**PROMPT:**
Leave out all pictures. Extract exactly the lines from the one containing "Розетка электрическая Systeme" through the end of the data.

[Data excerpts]
....................

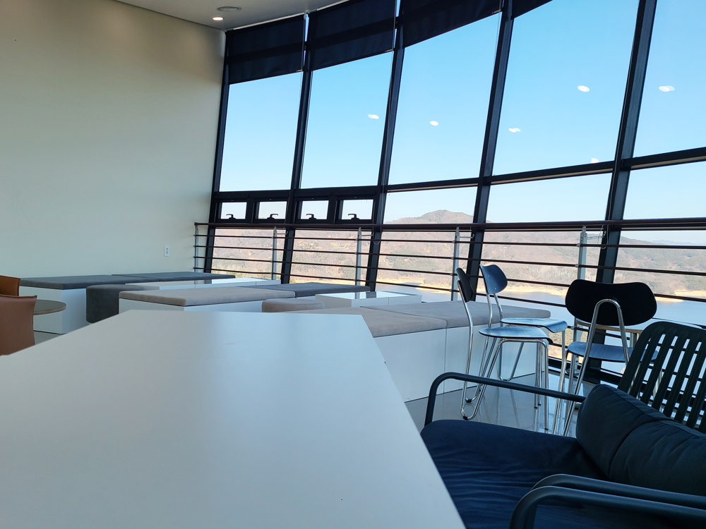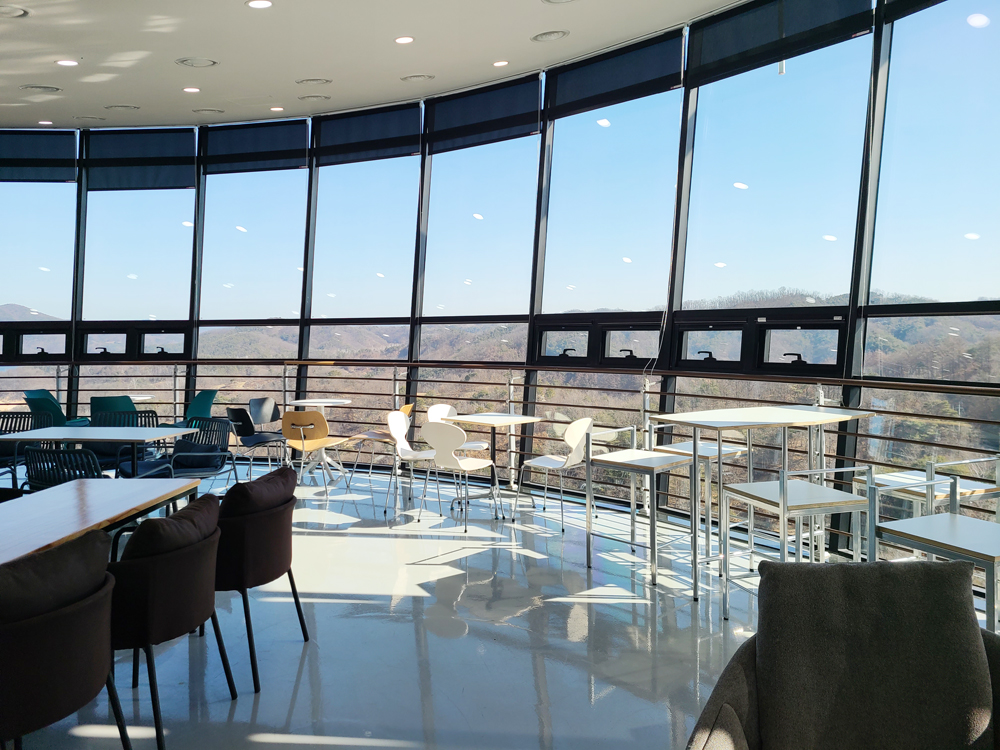 둥근 형태의 전망대로 지어진 건물이라 카페에서 안동댐을 360도 파노라마뷰로 감상 할 수 있어요.
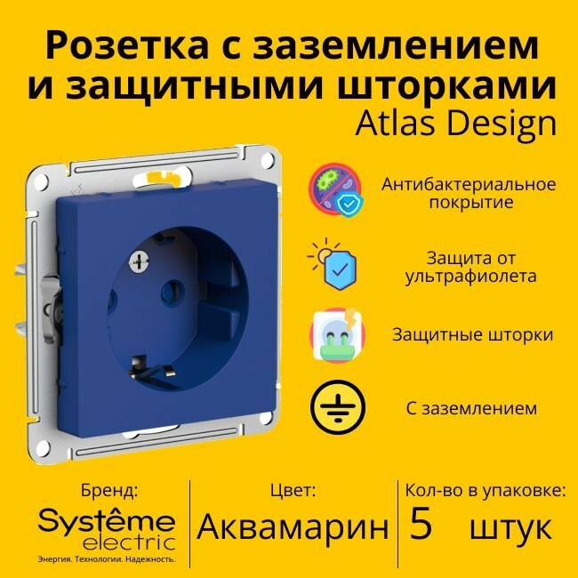 Розетка электрическая Systeme Electric Atlas Design с заземлением и с защитными шторками, 16А Аквамарин ATN001145 - 5 шт.
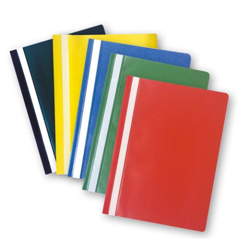 Gyorsfűző PP pd A/4 5 db/csomag élénk színek Műanyag irattartó vegyes élénk színekbenA/4-es iratok rendszerezésére,tárolásáradokumentumok lyukasztás nélküli lefűzéséhezÁtlátszó előlap, színes hátlap, feliratozható oldalcsíkcsomag tartalma: 1-1 db feket
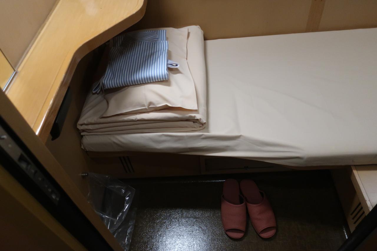 毛布と枕、寝巻とスリッパが備え付けられています。
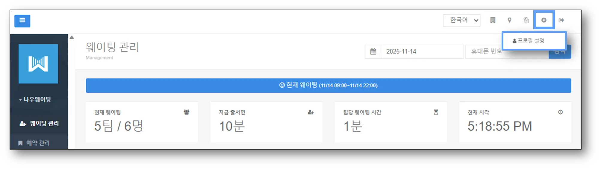 1. 웨이팅 어드민> 웨이팅 관리에 접속해 주세요.
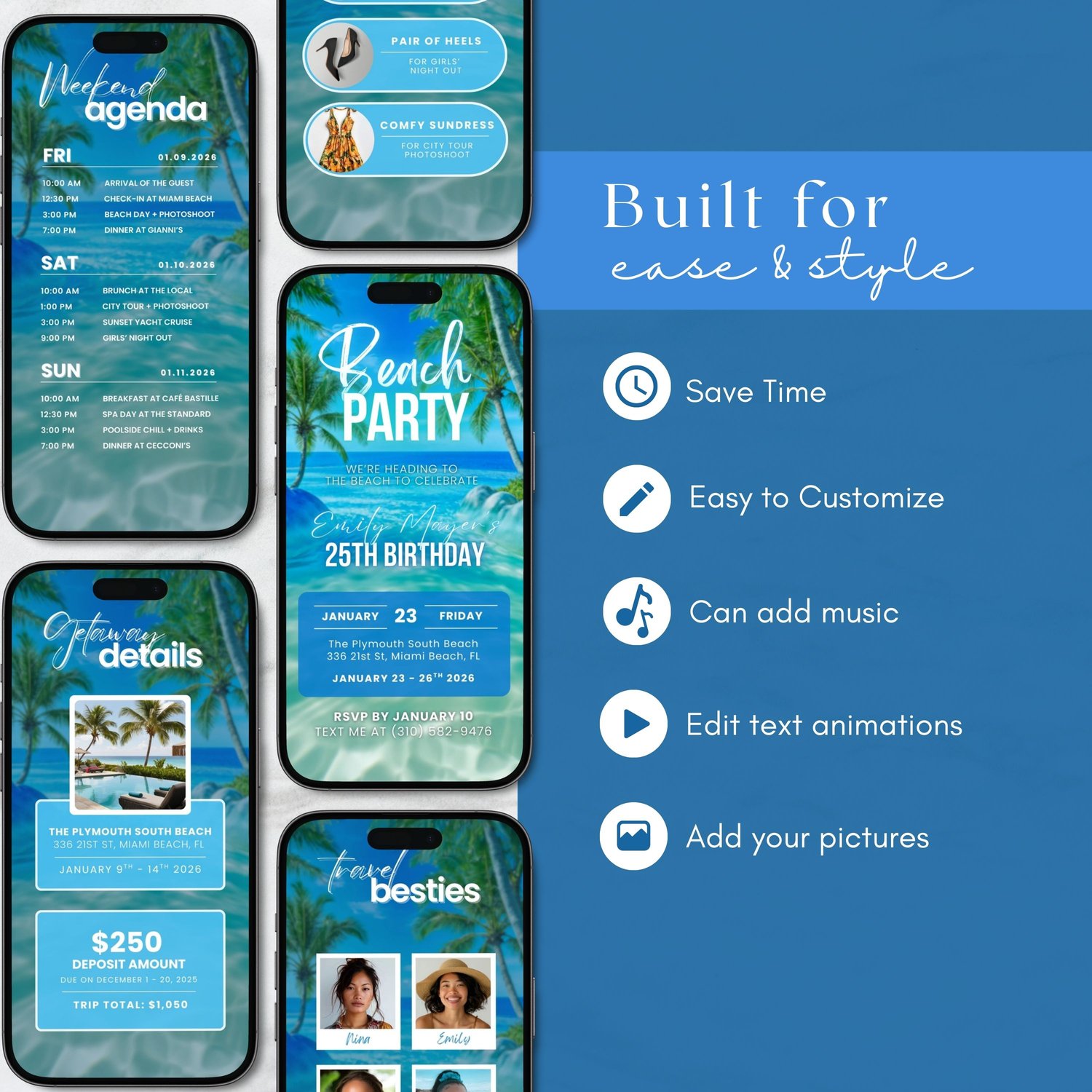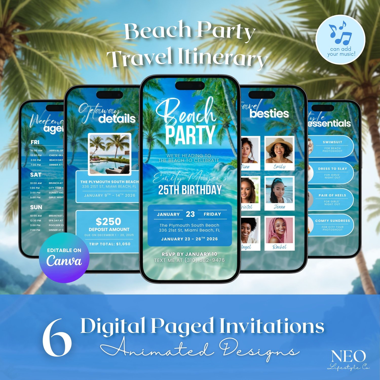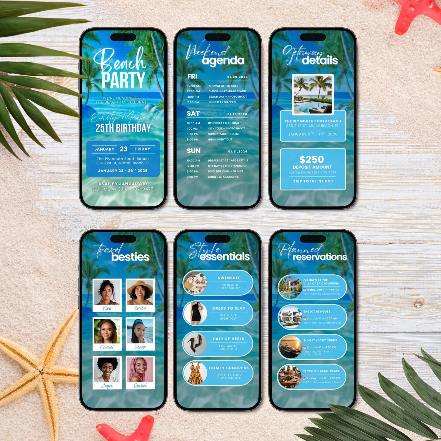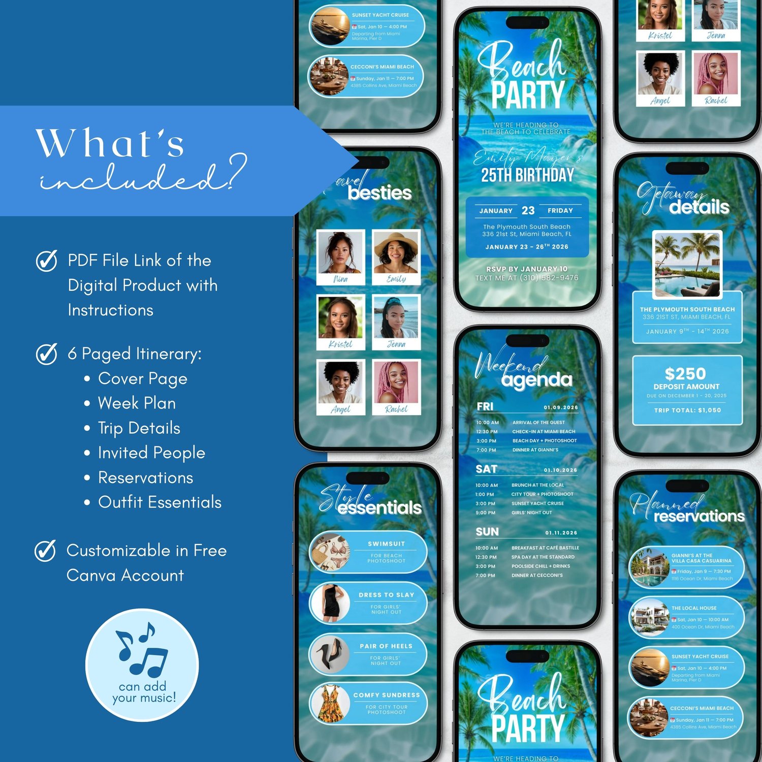 Digital Travel Itinerary, Birthday Weekend Invitation, Blue Beach Party Invite For Girls Trip, Bachelorette Trip (Animated Canva Template)
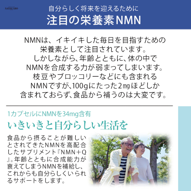 人生100年時代を自分らしく彩るサプリメントNMN+Qです。
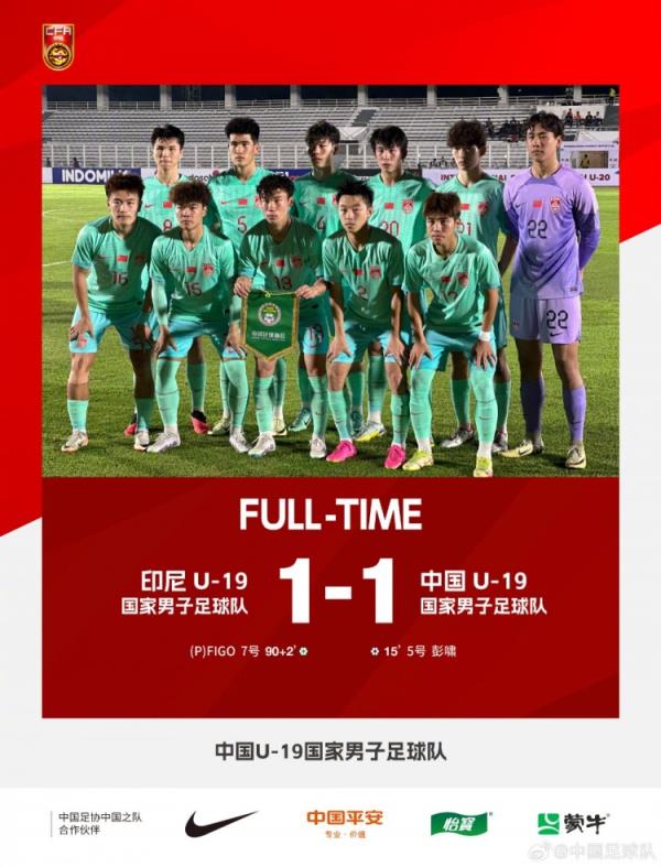 比赛第15分钟,中国队开出战术角球,陈泽仕传中,后点的彭啸力压防守队员头球破门,为中国队取得领先。比赛进入到伤停补时阶段,印尼队获得一粒点球,7号FIGO将球打进,终场前将比分扳平。
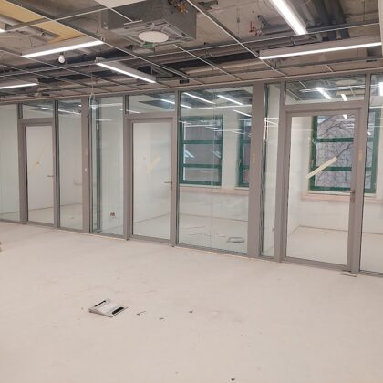 ilyen egészen kicsi üvegfal biztonsági edzett üveggel alu szerkezetben -

....................

**WORKED SOLUTION:**
 Розетка электрическая Systeme Electric Atlas Design с заземлением и с защитными шторками, 16А Аквамарин ATN001145 - 5 шт.
 Gyorsfűző PP pd A/4 5 db/csomag élénk színek Műanyag irattartó vegyes élénk színekbenA/4-es iratok rendszerezésére,tárolásáradokumentumok lyukasztás nélküli lefűzéséhezÁtlátszó előlap, színes hátlap, feliratozható oldalcsíkcsomag tartalma: 1-1 db feket
 毛布と枕、寝巻とスリッパが備え付けられています。
 1. 웨이팅 어드민> 웨이팅 관리에 접속해 주세요.
 Digital Travel Itinerary, Birthday Weekend Invitation, Blue Beach Party Invite For Girls Trip, Bachelorette Trip (Animated Canva Template)
 人生100年時代を自分らしく彩るサプリメントNMN+Qです。
 比赛第15分钟,中国队开出战术角球,陈泽仕传中,后点的彭啸力压防守队员头球破门,为中国队取得领先。比赛进入到伤停补时阶段,印尼队获得一粒点球,7号FIGO将球打进,终场前将比分扳平。
 ilyen egészen kicsi üvegfal biztonsági edzett üveggel alu szerkezetben -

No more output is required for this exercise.